А мы проходим мимо поротно, железным шагом. Проходим мимо, не глядя, не жалея. С рассветом пойдём в бой. В штыки. Будем драться, жизни своей не щадя. Может, умрём. Но никто не скажет о нас, что мы струсили, что шкура наша была нам дороже отчизны.''
Я остановил чтение главы в густой тишине. Хоть ножом такую режь.
Вдруг их угла палаты раздался слабый голос, разбивая эту хрупкую тишину.
— Тот, кто это писал, не лежал по четыре часа на льду под пулеметным огнём — головы не поднять. Когда наши зашли с фланга и немецкий пулемёт сковырнули, никто со льда уже подняться не мог. Восемьдесят два человечка с роты там навсегда и остались лежать. Не пуля их убила, а холод и лёд. И глупость комбата.
Так… Началось в колхозе утро. Русский солдат пробует на зуб очередного агитатора. С неудержимой страстью русского мужика посадить в лужу интеллигента.
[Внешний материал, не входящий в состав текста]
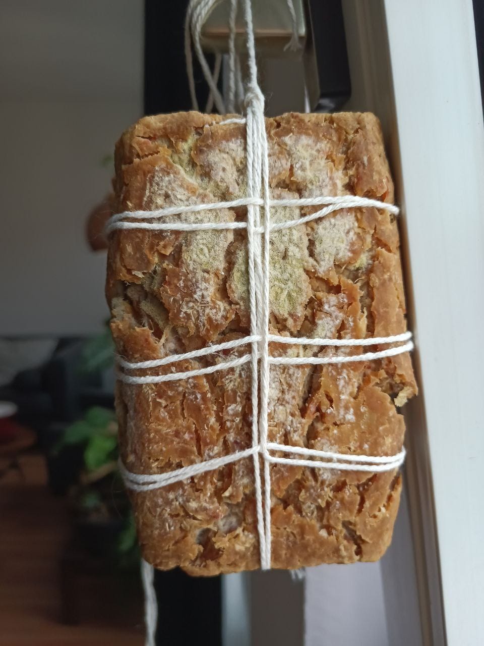 Hang the meju outside if you have a rain-protected area where they can be exposed to sunlight and lots of ventilation. It’s customary to also pack them with straw if you have open plastic net-mesh bags that you can hang bunches of straw in, or simply put them in an area close to bundles of straw. I live in an apartment so I just hung them near my window which is kept open a fraction most of the time. Now we wait—6 weeks.

— Не могу судить, — отвечаю не без некоторой заминки. — Меня там не было. Во-вторых, я ничего не понимаю в наземной войне и тактике. Я летчик.
— Так чёж вы нам тада проповедь читаете про пяхоту? — это меня спросили уже с ближайшей койки.
— Попросили вам прочитать, вот и читаю. Я ни разу не политрук а такой же ранбольной как и вы. Разве что выздоравливающий уже.
Чувствую я себя под их взглядами просто обоссаным. Сижу на грубой табуретке и обтекаю. Неприятное ощущение.
— Не нравится вам. Не буду, — добавляю и встаю с табуретки.
В дверях сталкиваюсь с незнакомым мне старшим политруком.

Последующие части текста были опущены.